T HE Meath players have left the training field and Eamonn O'Brien appears at the rear of the stand. It seems like a good time to introduce oneself; evidently, he does not. Shaking his head when asked if it might be possible have a few words, he spells out that this is his "work place" -- the approach is an intrusion. He has a players' meeting to attend. Some efforts follow to explain that an ambush was not the intention. He offers his telephone number and suggests calling him the next day.

What follows the next day is a bland exchange of nothing-speak and stonewalling cliché. The Leinster final isn't discussed -- enough has been written about that he maintains: "What happened, happened, and we have moved on from it. The Leinster final is over and we are into the All-Ireland series. It's not relevant at this stage."

On the previous evening's encounter, he repeats that training is his "workplace" and that it would be natural for anyone to resent someone entering their workplace unannounced. I would myself, I am told. As was, no doubt, the intention, the Meath manager had nothing of any value to say.

They've had their fill of Louth and the Leinster final debacle and if nobody loves them then, well, they can't afford the time to care. Whatever happens against Kildare today, the summer's events won't be easily erased from the memory or avoid leaving some imprint on the Meath psyche. There are plenty of people in Meath who would have preferred if Seamus Kenny had put his late chance over the bar and taken the game to a replay rather than winning on those terms.

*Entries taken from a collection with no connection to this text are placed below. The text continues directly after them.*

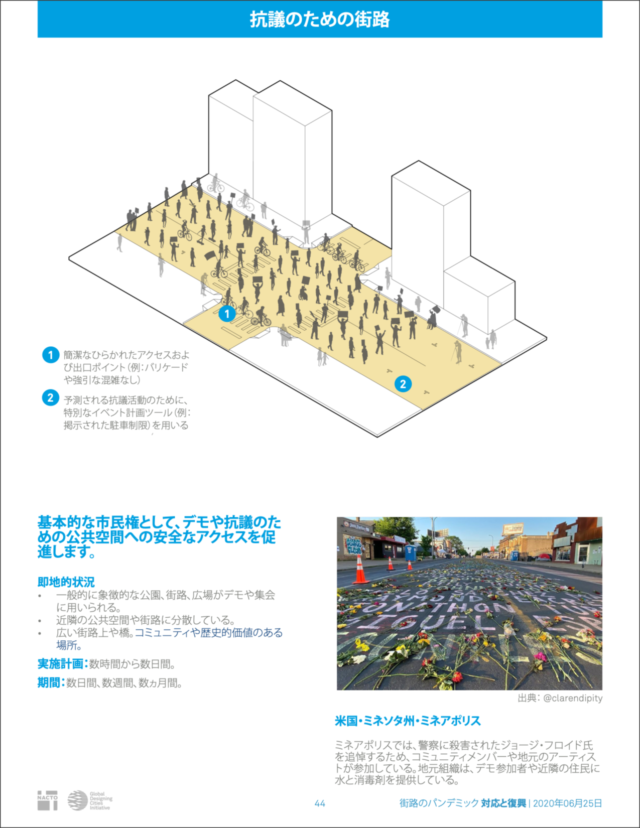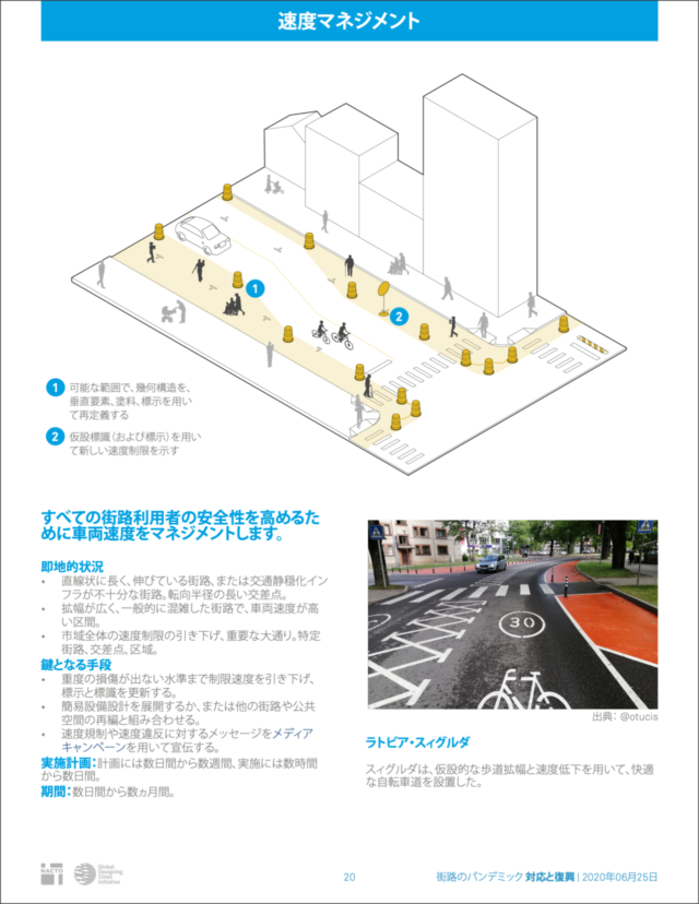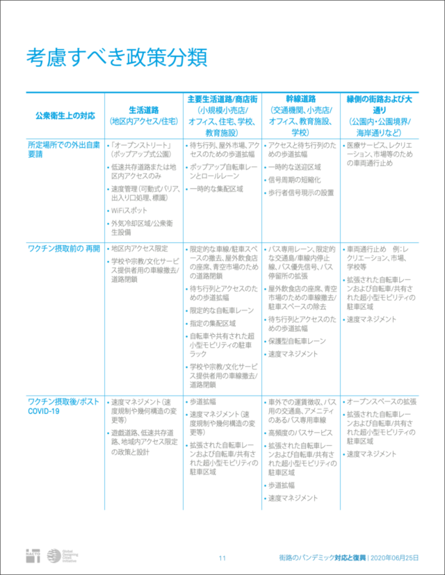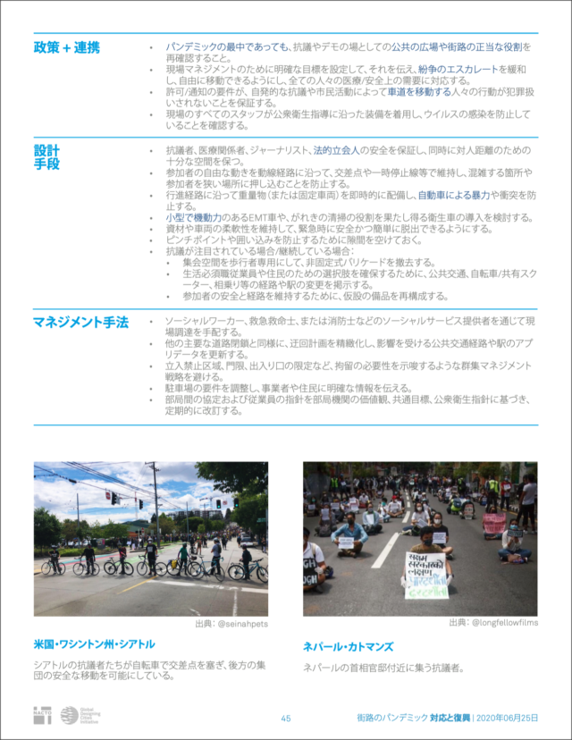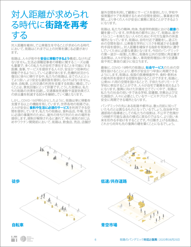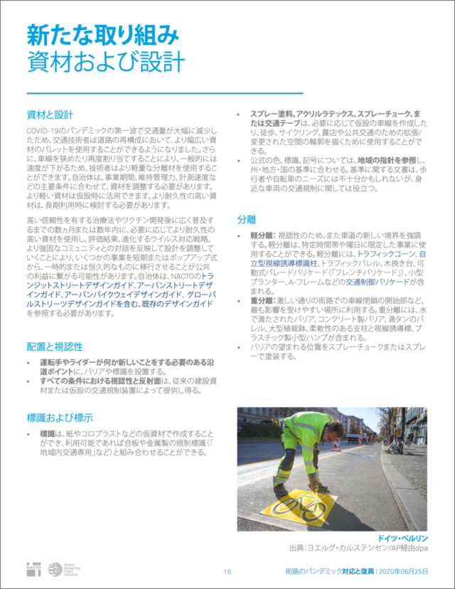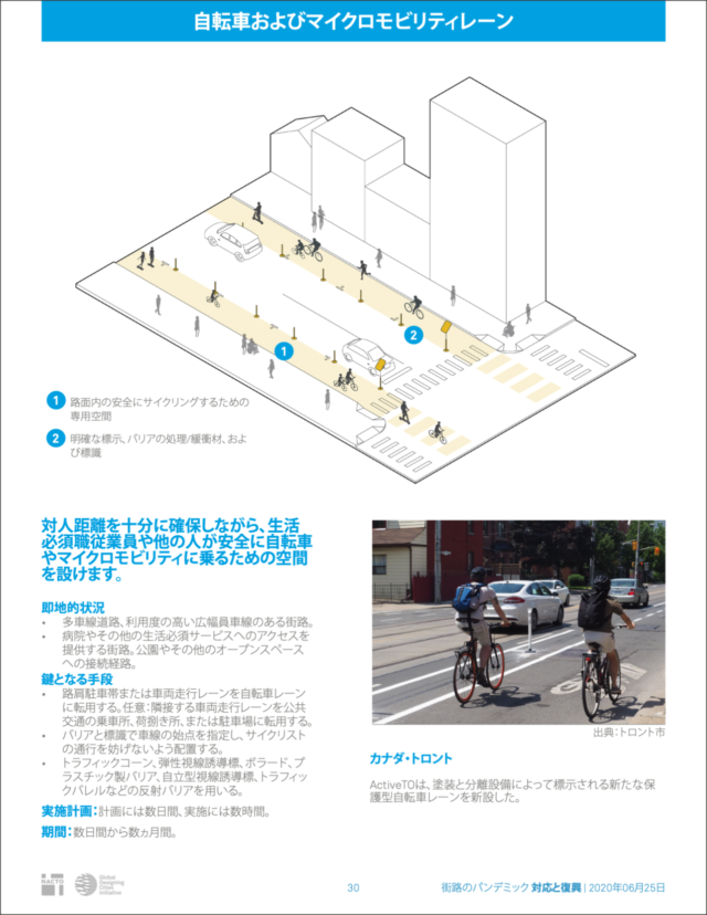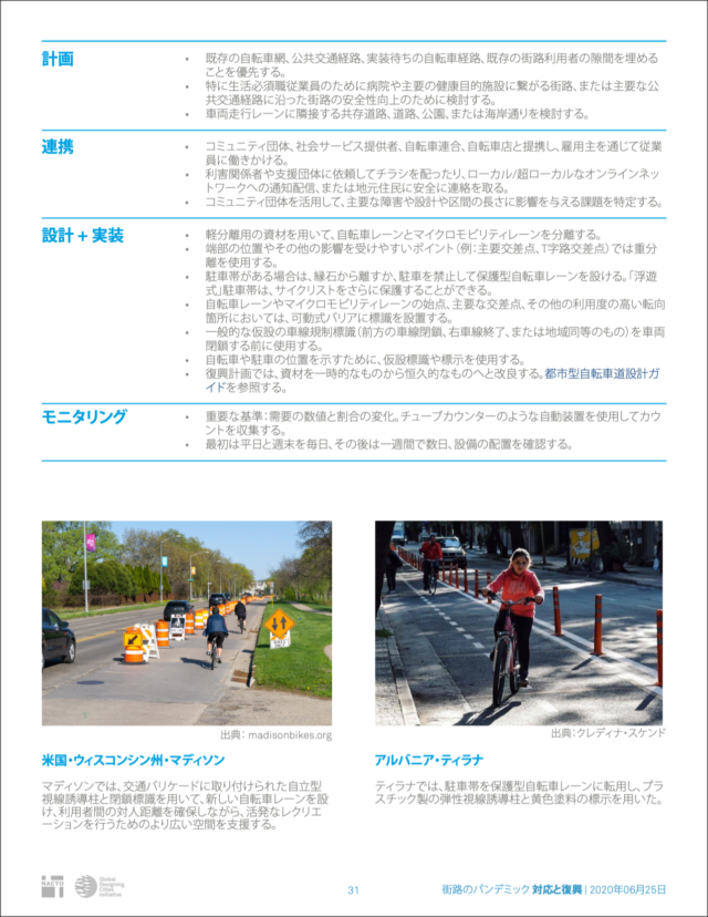 全米都市交通担当官協会(NACTO)が作成した「Streets for Pandemic Response & Recovery」は、新型コロナウイルス感染症(COVID-19)に対する世界各地のストリート・デザインをまとめたもので、英語版とともにアラビア語、イタリア語、日本語、ポルトガル語、スペイン語、トルコ語の翻訳版が公開されている。日本語版のタイトルは「街路のパンデミック 対応と復興」だ。
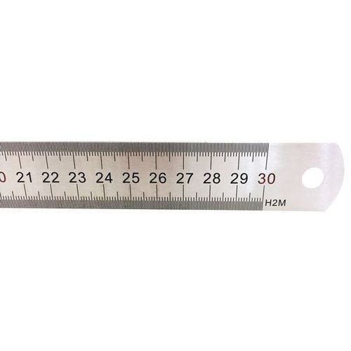 Félkemény fém vonalzó bevésett jelölésekkel. A mértékegység az egyik oldalon mm-ben, a másik oldalon 0,5 mm-ként szerepel. Gyártói garancia az ügyfélnek : 10 év
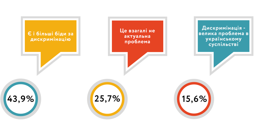 Як не прикро, в нашій державі дискримінація не вважається серйозною проблемою для більшості українців. Так, 43,9% опитаних переконані, що, хоч це загалом серйозно, але є і більші біди. Ще чверть респондентів (25,7%) кажуть, що це взагалі не актуально. І тільки 15,6% визнають дискримінацію як велику проблему в українському суспільстві.
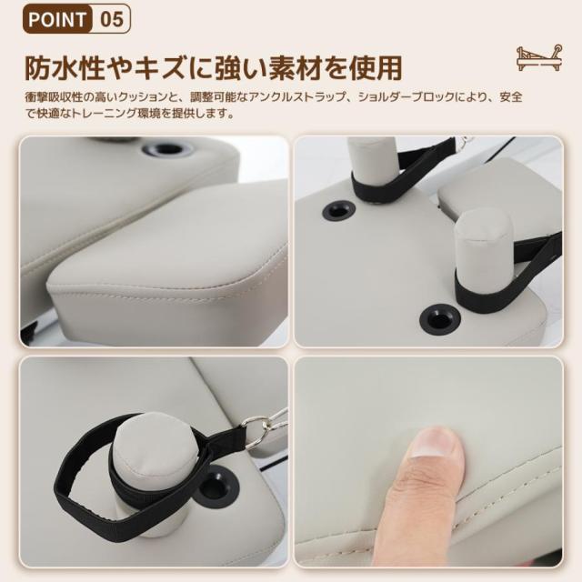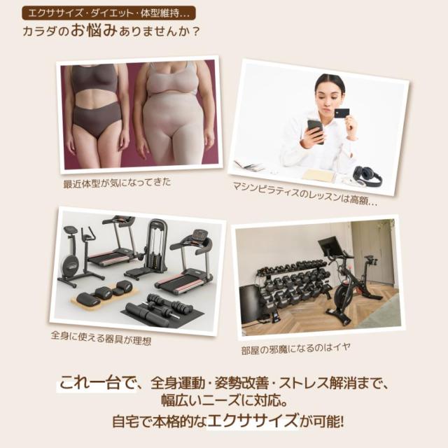 【一台で全身トレーニング】多種多様なエクササイズに対応し、コア、ヒップ、背中、腕、脚など全身の筋肉を効果的に鍛え、姿勢改善や柔軟性向上にも寄与します。

Down at Skryne, the club secretary Michael Lynch texted his club's committee the day after the Leinster final to assess opinion in advance of that night's county board meeting. "Half said yes and half said no. There was a split. It should never have come down to the county board or the players."

Lynch was one of those leaning towards the rematch option. "Without doubt the gloss had been totally taken off it," he says. "I don't think it will be forgotten if the lads win on Sunday. Kildare is going to be a tough game. If they win I think it will be a bit of justification for getting to the quarter-finals. But people won't forget it.

"End of the day it was not of Meath's doing. People may look unfavourably when they did not give the replay. After the 1988 All-Ireland final against Cork, a bit of a siege mentality set in. It is kind of back again if you ask me. It's us against the rest."

Will it place a strain on the players? "I haven't spoken to Paddy (O'Rourke, the Meath reserve 'keeper) -- I know from my own experience of playing football, that it depends on the player. I think that display against Louth was way below par. I can't see them playing like that again."

Not a moment too soon, the time has come for football to do the talking.